Het aantal druppels dat wordt overgebracht van de elektrodedraad naar het smeltbad, ook wel druppeloverdrachtsfrequentie genoemd, bepaalt vaak de vorm en kwaliteit van de las; minder dan 20 druppels per seconde worden meestal als onbevredigend beschouwd.

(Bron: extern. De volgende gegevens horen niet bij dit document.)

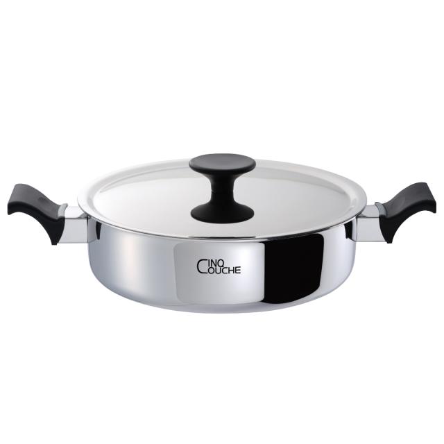 国内の自社工場で造られた全面5層構造材を使用したサンク・クーシュシリーズのキャセロールです。熱伝導性に優れ、強度を高めたアルミニウム3層を、保温性に優れたステンレスで挟み込みました。
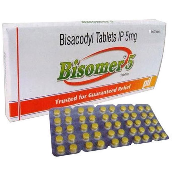 Bisomer 5mg Tablet is a medicine used to treat constipation. It is a laxative and helps you empty your bowels. Sometimes it is used by hospitals before surgery or some internal examinations or treatments. It works by increasing the movement in the intestine. Bisomer 5mg Tablet is best taken at night when it is used to treat constipation. It should be swallowed whole and must not be chewed, broken or crushed. It is recommended to start with the lowest dose and increase if you need to, but do not exceed the maximum daily dose. You should not use this medicine for more than the recommended days unless your doctor tells you to. Some lifestyle changes can help with constipation, for example drinking plenty of fluids, exercise regularly, eating more fiber-rich foods such as fruits, vegetables, and cereals. The most common side effects of taking this medicine are vomiting, stomach pain, and nausea. These are usually mild and go away after a couple of days. If they persist, your doctor may suggest ways of preventing or reducing them. Before using this medicine you should tell your doctor if you have a blockage in your bowel, upset stomach or your bowel movements have been different for more than two weeks. Some medicines and some foods can interfere with the way this medicine works so discuss this with your doctor to make sure you are safe. You should not normally take other treatments for constipation while using this medicine and should also avoid dairy products at the same time. Bisomer 5mg Tablet is not generally recommended if you are pregnant or breastfeeding.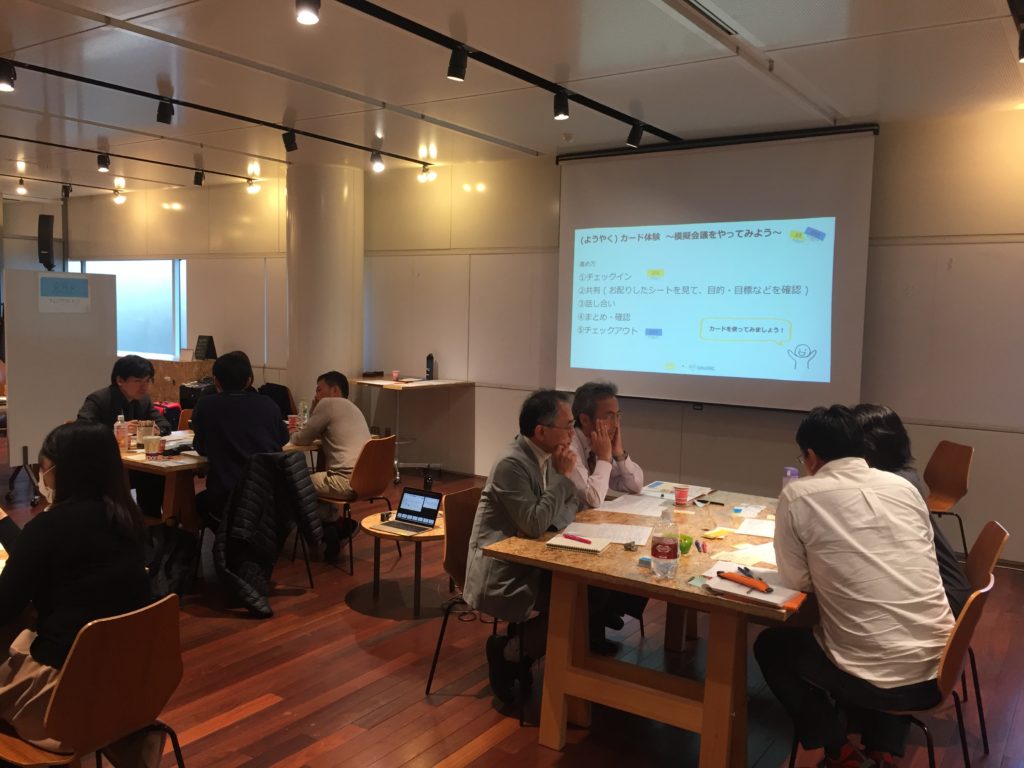 実際にカードを使って模擬会議をしてもらっているところです。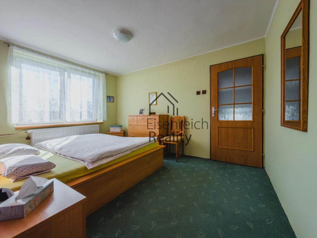 V patře jsou umístěny další dva pokoje a půda o ploše cca 40 m, která nabízí možnost vestavby další obytné části.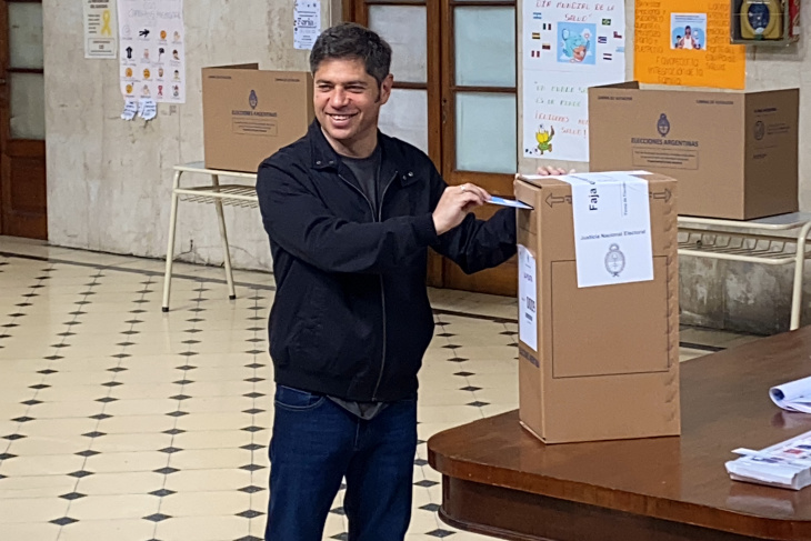 Axel Kicillof, gobernador de la provincia, emitió su voto en la ciudad de La Plata en la Escuela Escuela Superior de Formación en Salud, a metros de la Casa de Gobierno donde reside. Como es habitual, llegó acompañado de su esposa Soledad Quereilhac y luego de haber votado habló con los medios presentes en el Teatro Metro.

Fig. 10.13 toont het effect van enkele van de veel gebruikte gas-metaalcombinaties op druppeloverdrachtsfrequentie in GMAW.

De efficiëntie van de afzetting van het GMAW-proces verbetert ook door het gebruik van dunnere draden, zoals wordt getoond in Fig. 10.14. De curves geven specifiek de prestaties weer van GMAW met behulp van CO 2 als beschermgas.

Dunnere draden zijn ook gemakkelijk te spoelen en te hanteren, hoewel de draadaanvoersnelheid aanzienlijk toeneemt met de afname van de draaddiameter.

Ondanks een aantal voordelen van het gebruik van dunne draden moet in gedachten worden gehouden dat het voedingsprobleem aanzienlijk toeneemt met de afname van de diameter en dat het bereik van de lasstroom waarover een draad kan worden gebruikt, versmalt. Ook draden met een kleinere diameter zijn duurder op basis van het gewicht. Voor elke toepassing is er dus een bepaalde draadmaat die minimale kostende lassen geeft.